【夫と私での暗黙の了解ごと3つ】
特にそのことについて、話し合ったのでもなく、暗に「決まっていたこと」でした。
私たちのあいだで、わが子たちの話をする中で、2人にとって、私たちがどう関わっていくのが、最善とまではいかなくても、より良いことだと思えるのかを、常に探していました。
私は今でもときどき、後悔する気持ちが込みあげてくることがありました。
私が高校生のときに亡くなった母へ、そのあと二人三脚で過ごした父へ、その病弱だった父とともに、母親代わりになり、私を育ててくれた祖母へ、いくつになってもやんちゃな青年のような祖父へ、そのそれぞれの私への愛情に対して、感謝の気持ちをひと言さえも伝えることができなかったことを…。
今は自分が親となり、母たちの側に立って思うのは、わが子にはただ「楽しく自分らしい道をいつまでも歩き続けてほしい」ということでした。
後悔したり悲しい気持ちになってほしくはないと…。
どこか遠いところで、今も私を見守ってくれている両親と祖父母は、私がいつも自分らしい道を楽しんでいることを真に願っていると、今では日ごとに強く思えるようになりました。
そんな母たちが私に遺してくれたであろうこのおもいを大切に感じながら、わが子にも関わっていこうと思いました。
これまでの親からの愛情に対して、私が満たされていたと感じていたとするなら、夫は満たされていなかったと感じていたところから、夫の息子たちへの関わりが始まっていました。
夫にすれば頭では良いとわかっていることが、心情で受け入れられずに、真逆に動くことがたびたび起こることになりました。
それは当然といえば当然といえたかもしれません。
夫には、幼少時の親からの影響が染みついてしまっていました。
それでも、それを払いのけようと、懸命にわが子たちに関わろうとする夫に、私はいつも驚きを感じました。
【その1】 私たちは兄弟をそれぞれ平等に育てること
愛情も、時間も、そして金銭的にもできるだけ偏りなく接していくようにしたいと思いました。
わが子への愛情といっても、いくら大事に思っているとはいえ、言葉で伝えるだけではなく、一緒に過ごす時間、習い事や教育に費用を、等しくかけることで、それが伝わりやすいと感じていました。
兄弟ともに中学受験へ向かうことも、どちらかに不平等感を持たせないための配慮でした。
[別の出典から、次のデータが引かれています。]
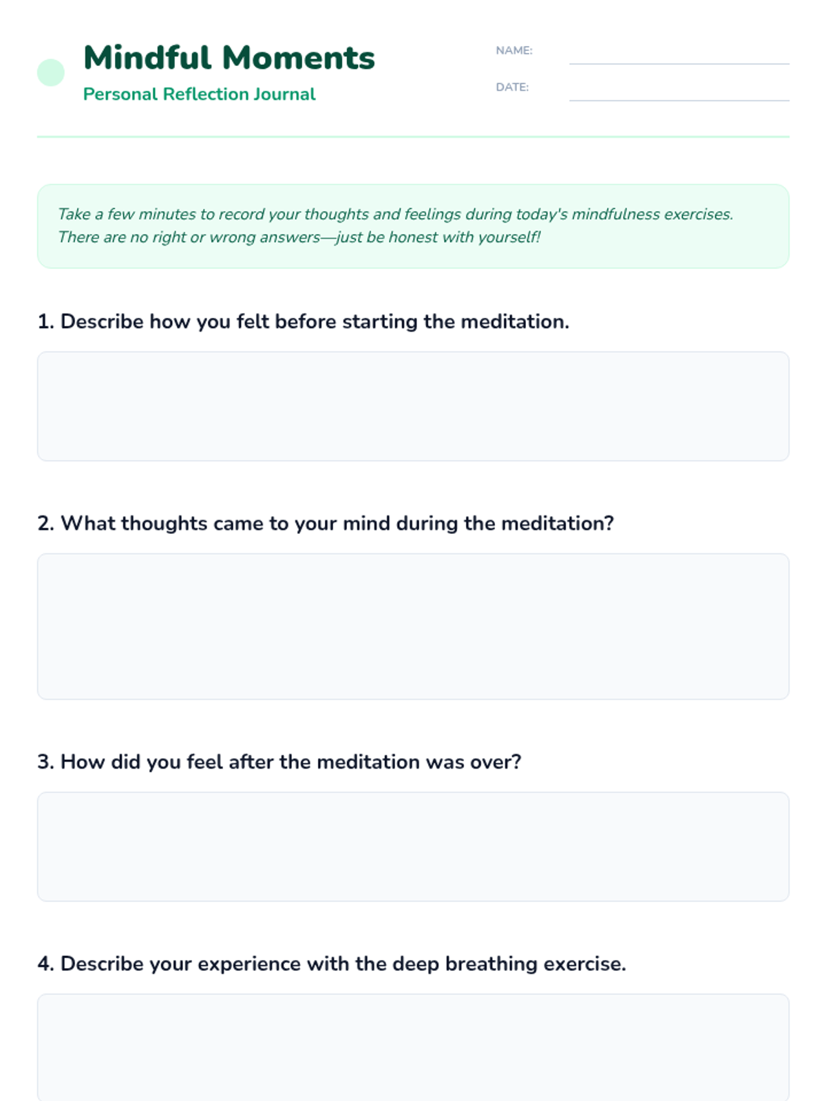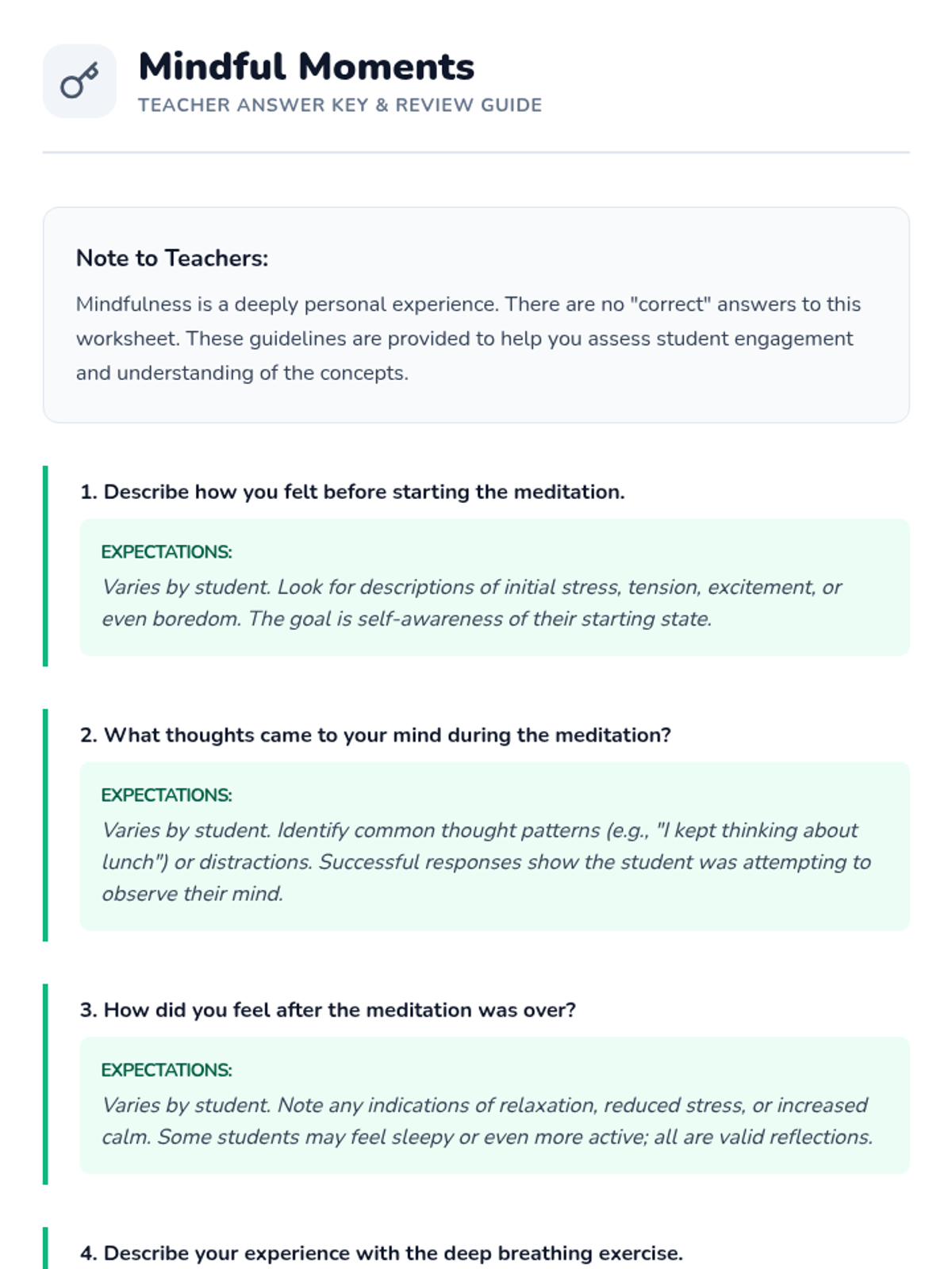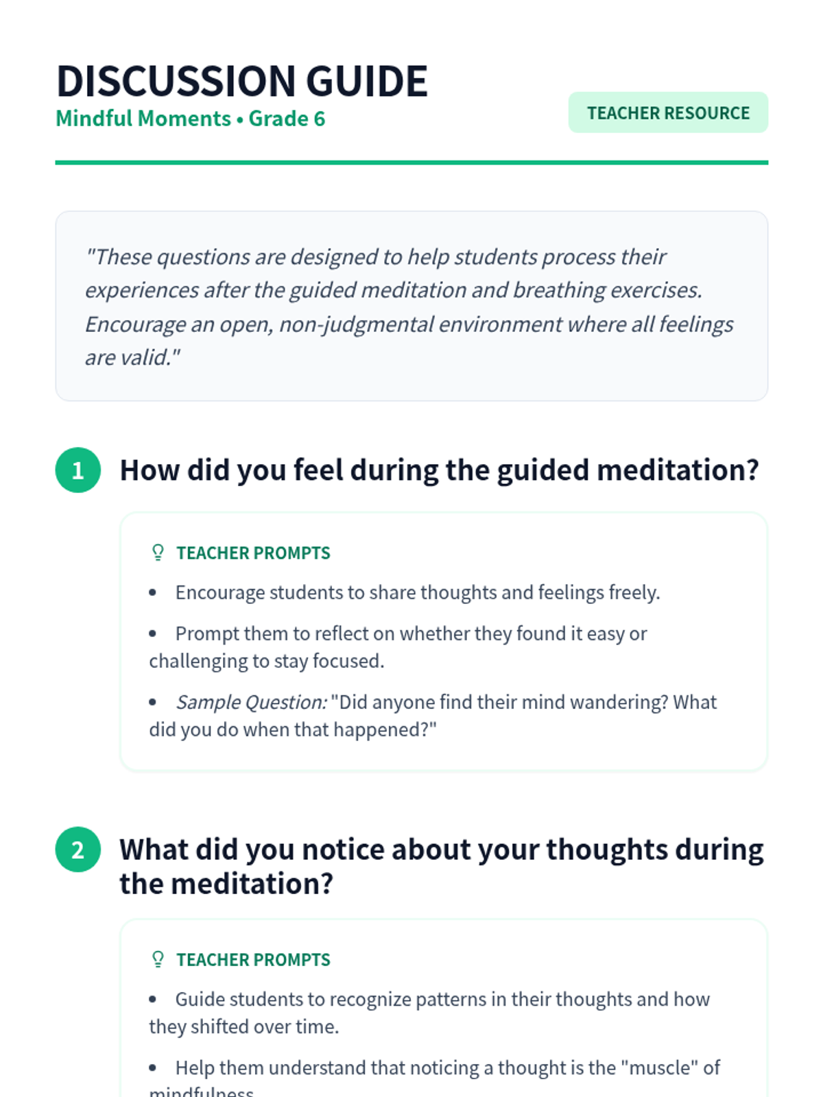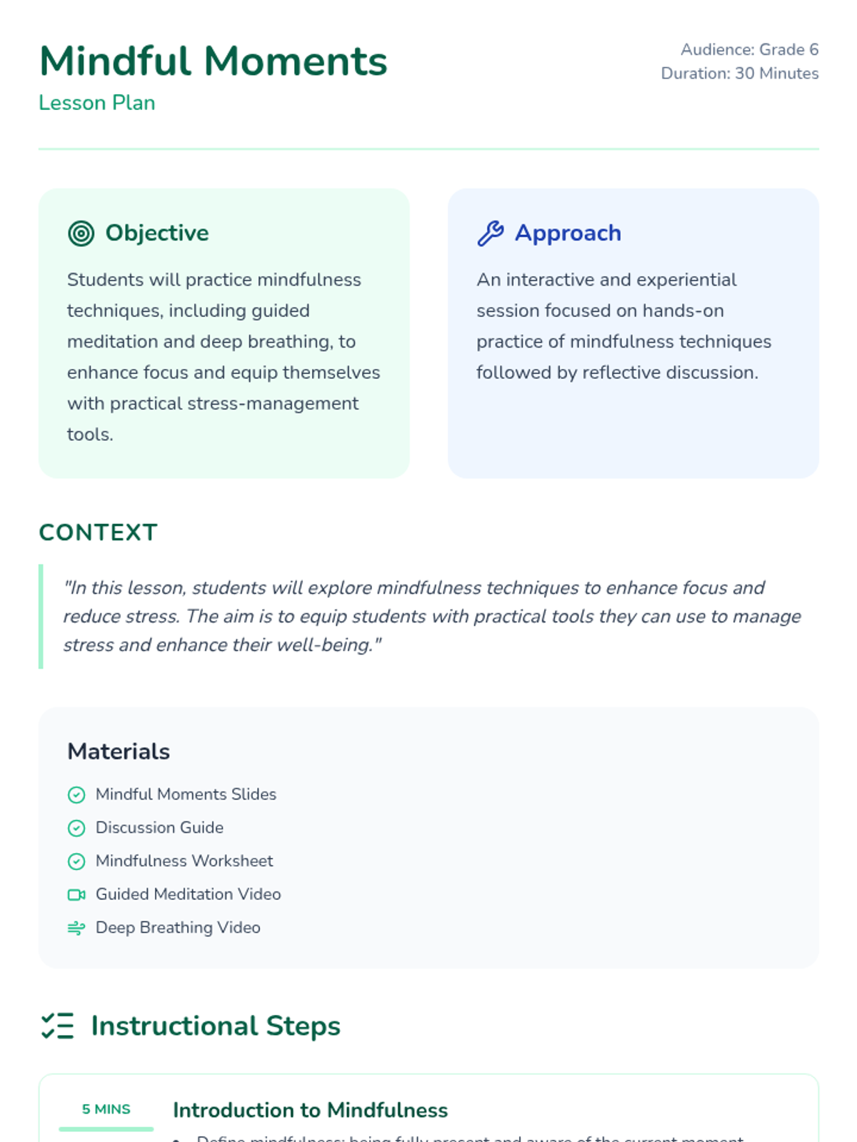A lesson for Grade 6 students exploring mindfulness techniques, deep breathing, and meditation to manage stress and improve focus. Students will engage in guided practices and reflect on their personal experiences.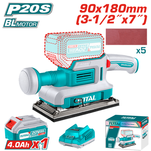 Brushless motorVoltage: 20VBottom base: 90mmx180mmNo-load speed:13000rpmAluminum durable baseInclude:5 Pcs sand paper1 Pcs 4.0Ah battery pack(TFBLI...
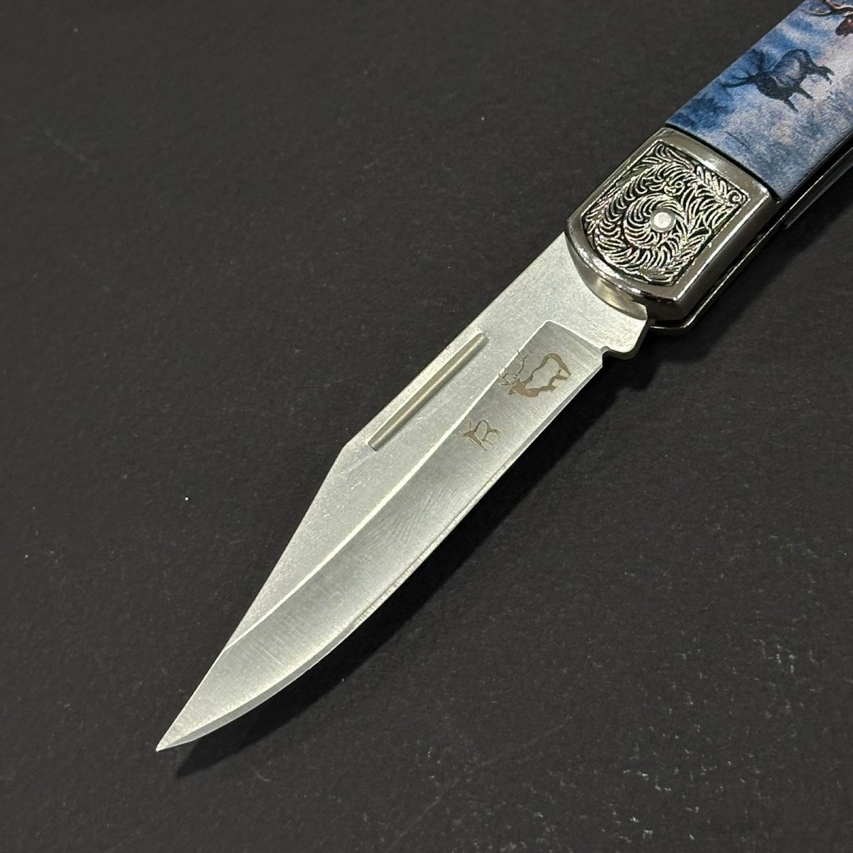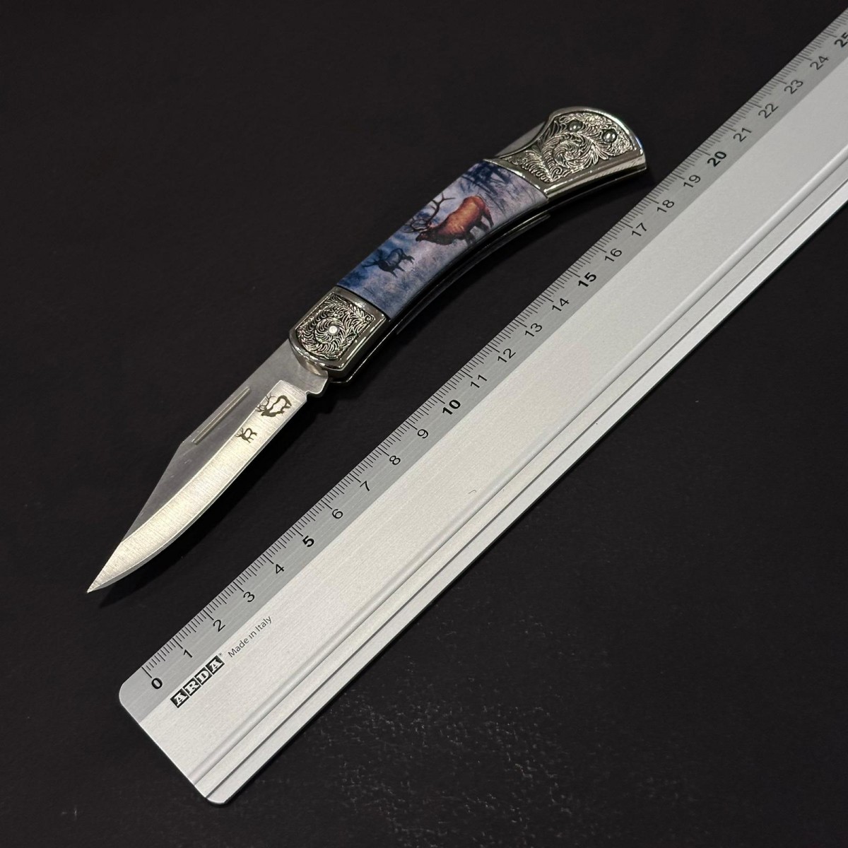 Briceag compact și agresiv Anima, conceput pentru camping, bushcraft, vânătoare ușoară, drumeții sau EDC tactic. Lama din oțel inoxidabil oferă ascuțime excelentă și rezistență la rugină, cu profil drop-point ascuțit și curbă ușoară pentru tăiere precisă, penetrare și control în task-uri fine sau grosiere. Mânerul ergonomic texturat cu inserție artistică tematică vânătoare oferă priză sigură și aspect premium, deosebit. Finisaj metalic lucios pe gardă și capăt pomel, pliabil cu blocare sigură – un companion stilat, puternic și funcțional pentru orice aventură în natură.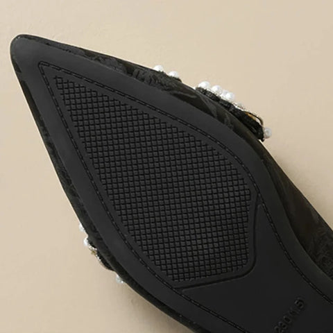 Step out in style with the Catrina Mules, where classic charm meets a playful twist. Made from shiny silk satin brocade, these pointed-toe slip-ons sparkle with hand-placed pearls and beads arranged like a tiny crown on the vamp. The soft cushioned soles and backless design make them as comfy as they are chic. Ideal for weddings, parties, or adding a dash of glam to everyday looks, the Catrina Mules bring a little fun and a lot of elegance to your wardrobe.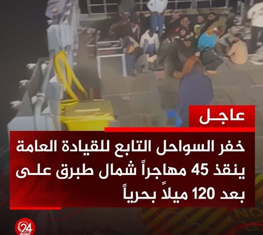 أنقد الأمن الليبي (45) مهاجرًا غير شرعي اليوم، كانوا على متن قارب مطاطي على بُعد (120) ميلًا بحريًا شمال طبرق.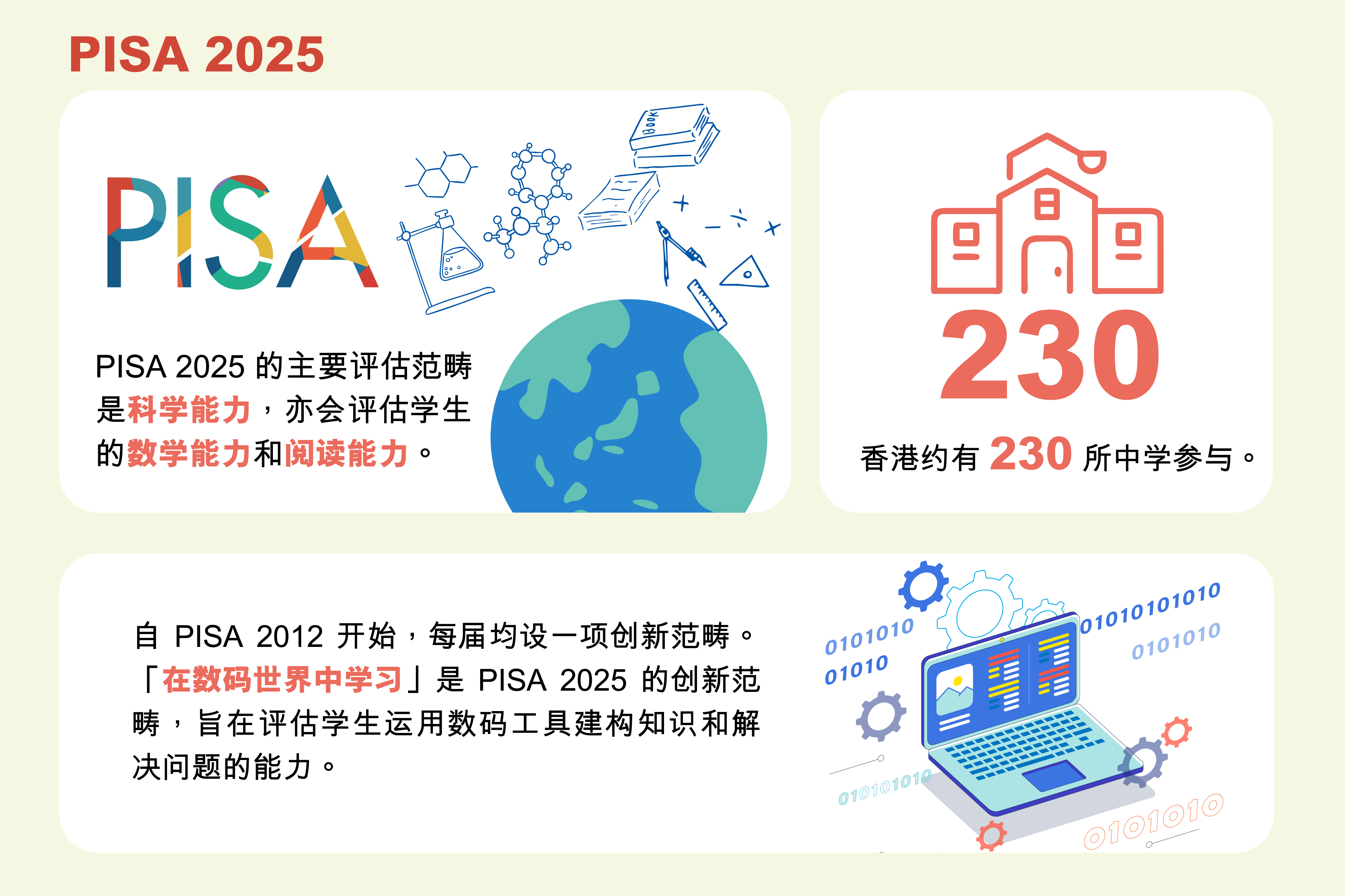 学生能力国际评估计划(PISA)由经济合作与发展组织策划,目的是评估 15岁学生的数学、科学和母语阅读能力,收集影响他们学习因素的数据,以及比较各参与国家或经济体系的教育成效。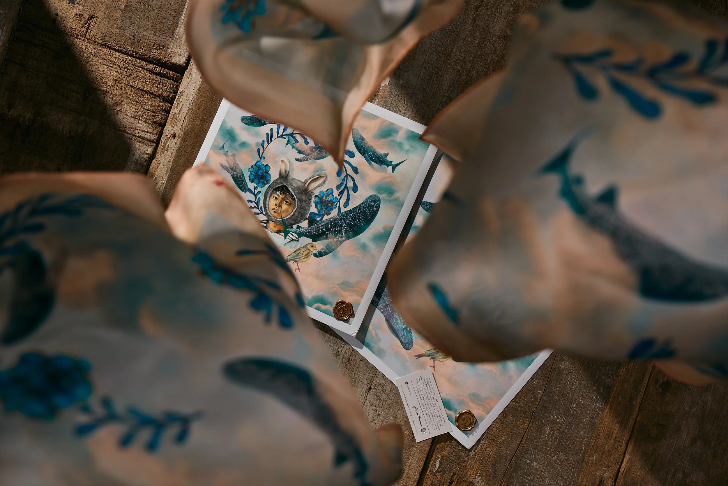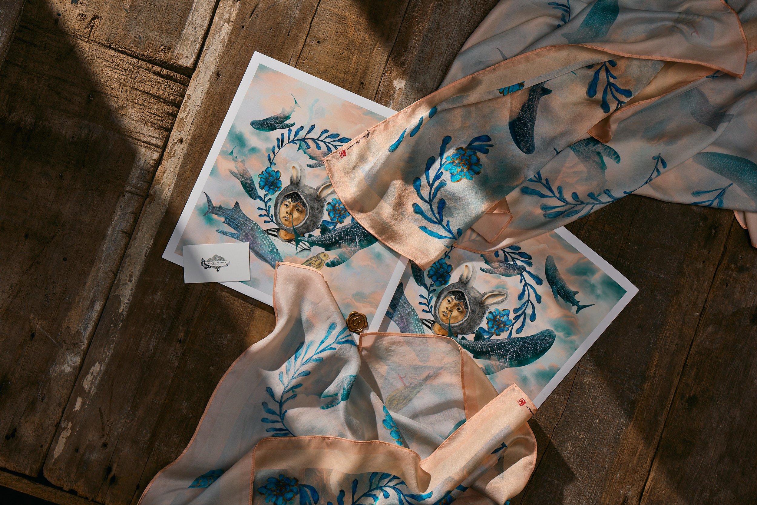 Lonely Boy & the Butandings is a collaborative artwork blending photographs by Filipino National Geographic Explorer Noel Guevara with PEEWEE’S hand-drawn interpretations. The piece is offered as a special-edition 12 × 12-inch linen archival print, paired with a limited-edition 60 × 60 cm scarf.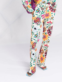 graphic-print flared trousers multicolour cotton graphic print concealed front fastening two side slit pockets flared design Made in Italy Composition Cotton 97%, Elastane 3% SIZE & FIT Model measurements Height 5 ft 11 in(1.8 m) Bust/Chest 31.49 in(80 cm) Hips 35.82 in(91 cm) Waist 24.8 in(63 cm) Measurement FRONT RISE 10.03 in(25.5 cm) INSIDE LEG 33.07 in(84 cm) BACK RISE 14.37 in(36.5 cm) HIPS 37 in(94 cm) WAIST 27.55 in(70 cm) FittingInformation This piece fits true to size. We recommend you get your regular size Designed to be fitted at the waist and through the thigh, loose from the knee Made with a mid-weight stretch fabric Washing instructions Machine Wash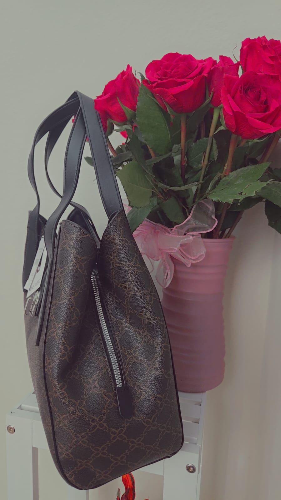 La cartera Nine West es el accesorio ideal para mujeres que buscan elegancia, comodidad y estilo en un solo bolso. Confeccionada con materiales de alta calidad, presenta un diseño tipo tote bag en color café oscuro con detalles negros y el distintivo patrón monogramado de la marca.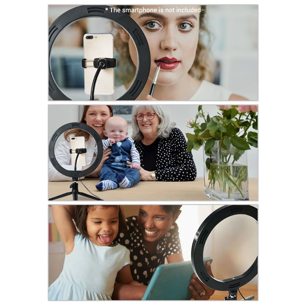 10 дюймов компактный размер кольцевой светильник на светодиодах, пластиковый материал, портативный и легкий.

【その2】 私たちができるだけの教育と経験をさせること
同じ環境であったとしても、生まれ持つ能力がそれぞれ違っているので、多種多様な教育や経験を与えていき、それぞれにあった道が、できるだけ早く見つかることを願っていました。
そして学校の長期の休みを利用して、その時間を少しでも多く持つようにして、私たちも一緒になって楽しんでいけたらいいと思いました。
家族4人全員で過ごせる時間はそう長くはありません。
金銭的なことや物理的なものは、代わりになれるものがあるかもしれませんが、時間は限りがあり、取り戻すことすらできません。
【その3】 兄弟はそれぞれ独立した存在であると認めること
わが子たちのみならず、それぞれに長所と短所があり、得意なこととそうでないことがあります。
短所も見方を変えれば長所といえることもあります。
早熟でない子であればなおのこと、自分は何が好きで何が得意なのかに気づいていません。
きっと誰しも平等に、自身だけが持つ才能の引き出しがあって、いつかそれが開かれるときが来るのを、私たちは信じて待つことになります。遅いと責めるでなく、だれかと比較することなく…。
これらのことを、夫と私でどれだけやっていけるかはわかりませんでしたが、それらは、私たちのあいだで着実に息づいていきました。